Schwabing:Ärger ganz oben

Schwabing: Blick über die Dächer der Stadt: Im dicht bebauten Westschwabing gibt es oft nur im obersten Geschoss Platz für neuen Wohnraum.

Blick über die Dächer der Stadt: Im dicht bebauten Westschwabing gibt es oft nur im obersten Geschoss Platz für neuen Wohnraum.

(Foto: Stephan Rumpf)

Beim Dachgeschossausbau entstehen oft große, luxuriöse Wohnungen. Sie bringen Erhaltungssatzungen in Gefahr

Von Ellen Draxel, Schwabing

Wohnungsbau ja, aber bitte keine Luxuswohnungen. Mit diesem Credo wollen Westschwabings Lokalpolitiker den Mangel an bezahlbarem Wohnraum in ihrem Viertel bekämpfen - darin unterscheiden sie sich nicht von ihren Kollegen in anderen Stadtteilen. Was im westlichen Schwabing allerdings anders ist als im vielen anderen Ecken Münchens, ist der Anteil an auszubauenden Dachgeschossen. Schwabing-West ist der am dichtesten bebaute Stadtbezirk der Landeshauptstadt, noch nicht genutzte Flächen gibt es daher fast ausschließlich in den obersten Stockwerken. Jeden Monat haben die Bürgervertreter über mehrere Anträge für Dachgeschoss-Ausbauten zu entscheiden; im November waren es allein fünf, aus denen nun 19 neue Wohnungen entstehen, außerdem sollen mehrere bestehende Apartments so vergrößert werden.

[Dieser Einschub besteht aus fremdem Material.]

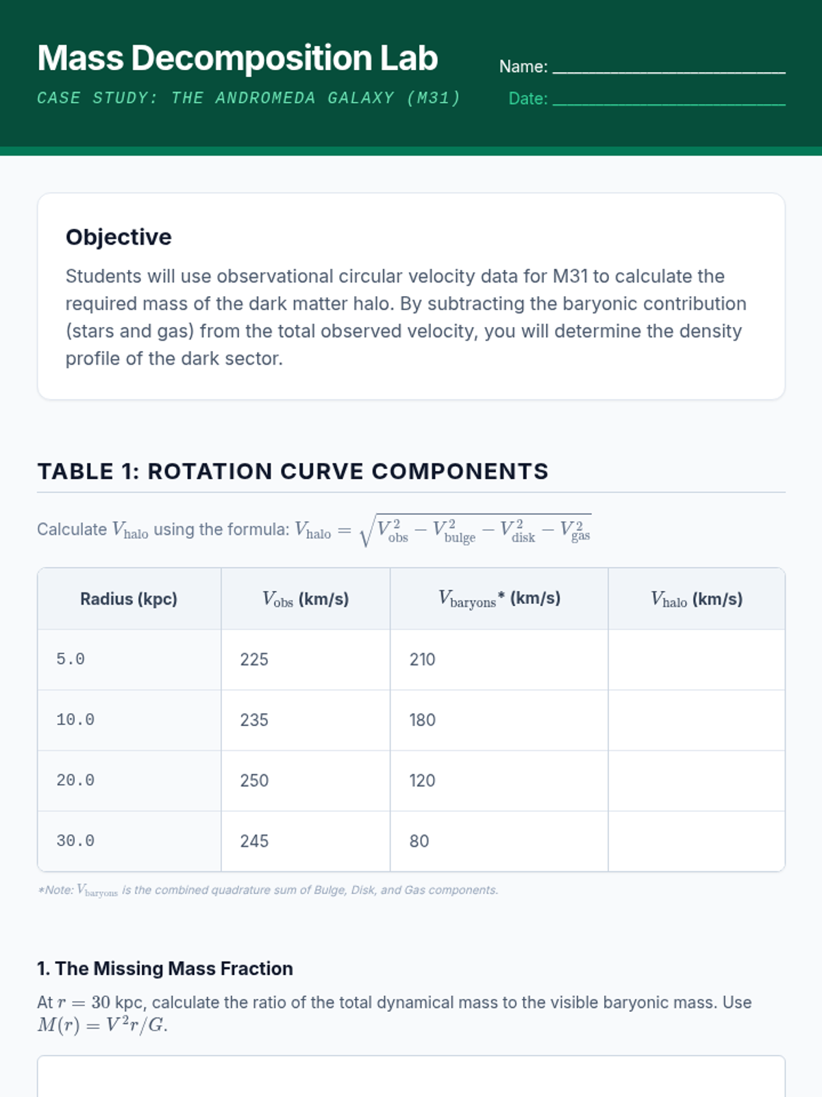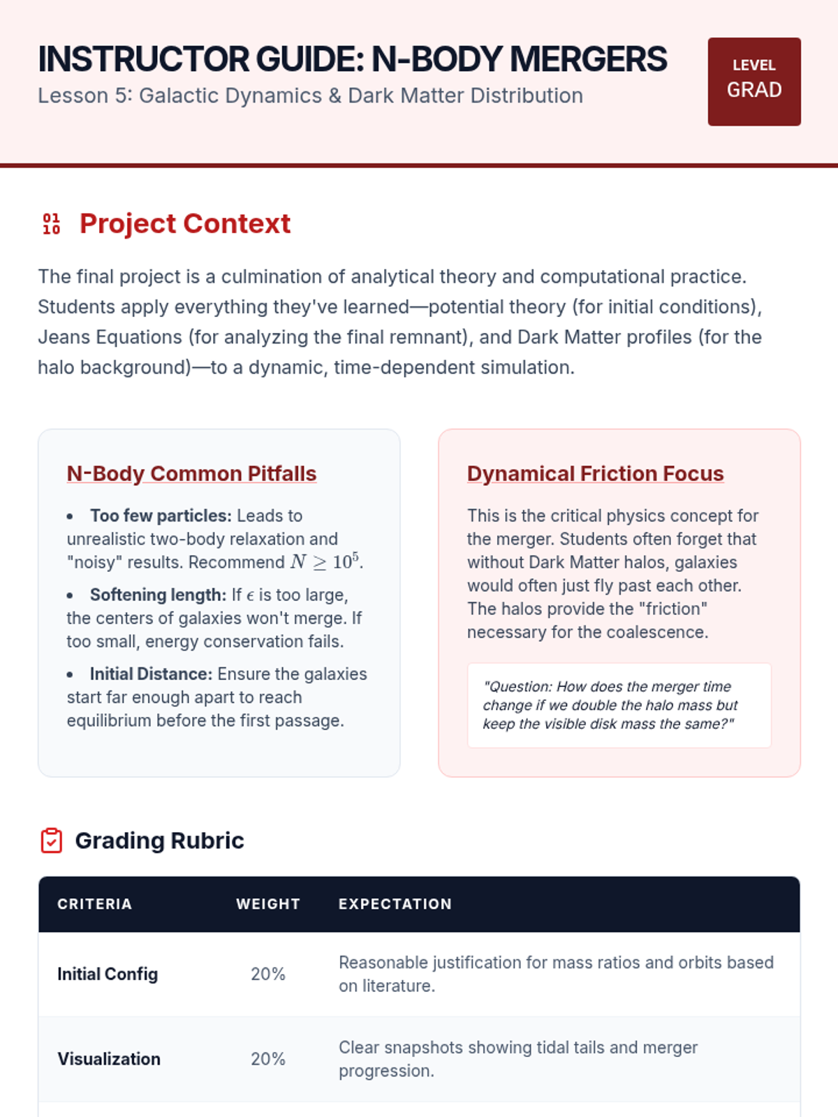 A graduate-level sequence exploring gravitational dynamics, the Collisionless Boltzmann Equation, and the role of dark matter in galactic evolution, culminating in N-body merger simulations.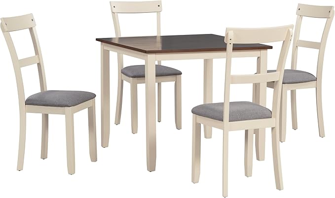 RITSU 5 Piece Set Industrial Wooden 4 Chairs, with High-density Foam Burlap Upholstered Cushions for Dining, Living Room, and Kitchen, Easy to Assemble, Dinning table for 5, Brown+cottage White
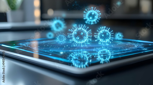 tablet, holographic, virus, firewall, glowing, digital, workspace, technology, copy space, protection, icon, hologram, modern, futuristic, laptop, computer, security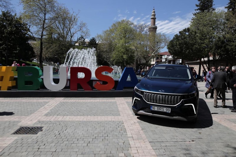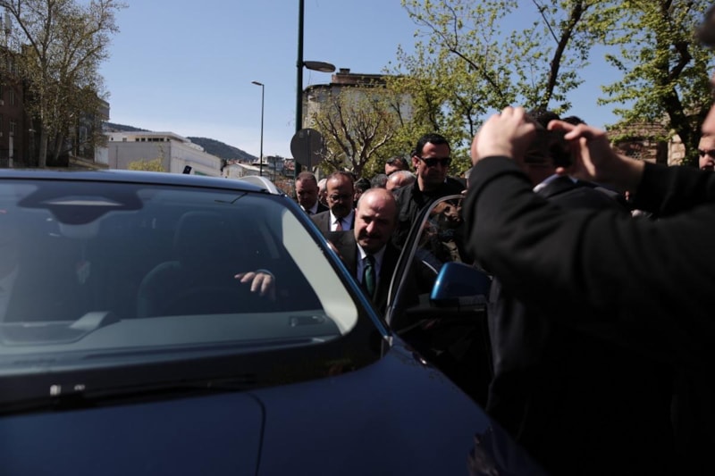 AK Parti Bursa Milletvekilleri tanıtım toplantısı için Sanayi ve Teknoloji Bakanı Mustafa Varank, 16 BRS 99 plakalı Togg ile Bursa'ya geldi.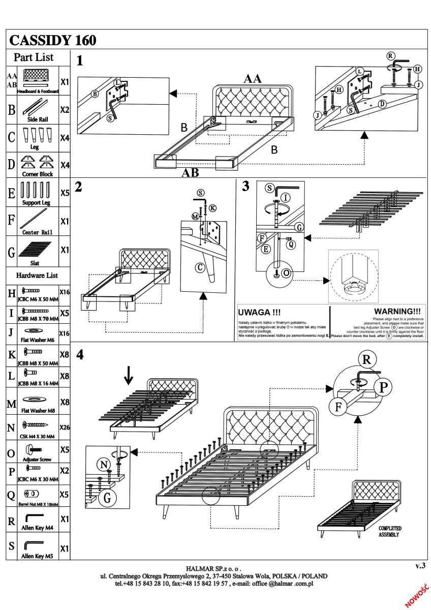 Sodoben dizajn in kakovostna izvedba zagotavljata, da bo postelja Cassidy znamke Halmar dolgo časa ohranjala svoj privlačen videz in funkcionalnost. Enostavna montaža, stabilna konstrukcija in premišljena izbira materialov so razlogi, zakaj je ta model odlična izbira za tiste, ki iščejo zanesljivo, elegantno in udobno posteljo za vsakodnevno uporabo.
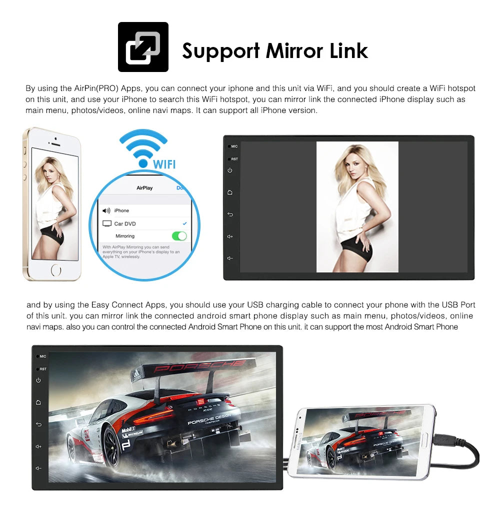 1G RAM 16G ROM Carplay & 2G RAM 16G ROM Carplay: AD7003CP with 1*ISO Cable,1*RCA Cable with 9 wires(supports Video Output),1*CAM-VIN wire,1*External Mic,2*USB wire,1*GPS Antenna,1 sets Metal Bracket,1*Front plastic frame.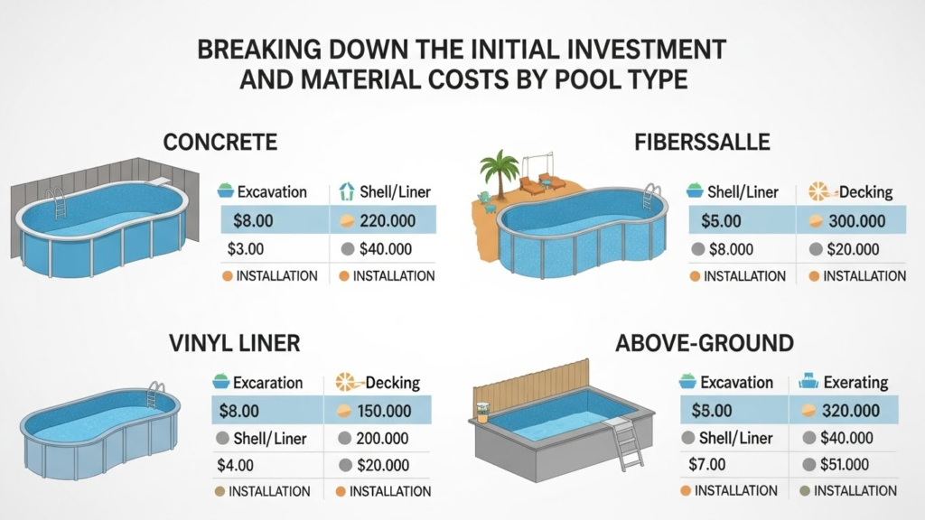 The biggest factor in your budget is the material you choose for the pool shell. There are three main contenders: vinyl liner, fiberglass, and concrete (gunite).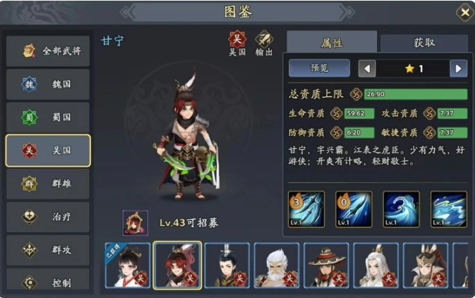 除此之外,小乔的主动技能能对单个目标进行精确回复,还会附带一定几率清除目标身上的异常状态。当敌方给己方队友施加各种负面状态时,这一效果能快速化解危机。甘宁属于吴国阵营中的输出型角色,特别是在单体伤害上表现突出,不管是必杀技还是主动技,甘宁都能打出相当可观的单体伤害。而黄盖作为防御型武将,其作用主要体现在前排承受伤害方面。在战斗回合开始之际,黄盖可凭借自身技能直接为己方全体带来援护效果。

"Wir brauchen Wohnraum, daran besteht kein Zweifel", betont Bezirksausschuss-Mitglied Albrecht Schmidt (SPD), der seit Langem im städtischen Mieterbeirat aktiv ist. "Aber gebaut werden oft viel zu große Dachwohnungen, mit mehr als 90 Quadratmetern." Das müsse sich ändern, benötigt würden kleinere Grundrisse. Schmidt sieht ansonsten die vielerorts in Schwabing geltende Erhaltungssatzung in Gefahr. Denn zu viele luxuriöse Wohnungen in einer Gegend können einen Bereich so stark aufwerten, dass die Kriterien für den Erlass der Satzung nicht mehr greifen und die alteingesessenen Mieter damit ihren Schutz vor Vertreibung verlieren.

Das Instrumentarium der Erhaltungssatzung gehört nach Meinung des Westschwabinger Bezirksausschusses 30 Jahre nach dem Inkrafttreten ohnehin "überarbeitet". Die Politiker haben jetzt einen Antrag formuliert, in dem sie den Stadtrat auffordern, die Geltungsdauer von Abwendungserklärungen und Erhaltungssatzungen zu synchronisieren. Der Kommune steht bei Verkäufen in Erhaltungssatzungsgebieten unter bestimmten Bedingungen das Recht zu, Anwesen zu erwerben, will sie bezahlbaren Wohnraum sichern und die Bewohner vor Verdrängung schützen. Der Investor kann dieses Vorkaufsrecht jedoch abwenden, indem er sich verpflichtet, sowohl die Umwandlung in Eigentumswohnungen als auch unangemessene Modernisierungsmaßnahmen für die Dauer der jeweiligen Erhaltungssatzung zu unterlassen. Diese Verpflichtung gilt aber nur für maximal zehn Jahre. "Abwendungserklärungen", fordert jetzt Schmidt, "sollten solange gelten, solange ein Haus durch die Erhaltungssatzung geschützt ist."

Das erste Gebiet, in dem die Erhaltungssatzung erlassen wurde, war 1987 der "Pündterplatz". "Mieter in diesem Gebiet", erklärt Schmidt, "hätten nach heutiger Abwendungserklärung bereits schon seit 1997 keinen Schutz vor Verdrängung durch Luxussanierung oder Umwandlung in Eigentumswohnungen mehr."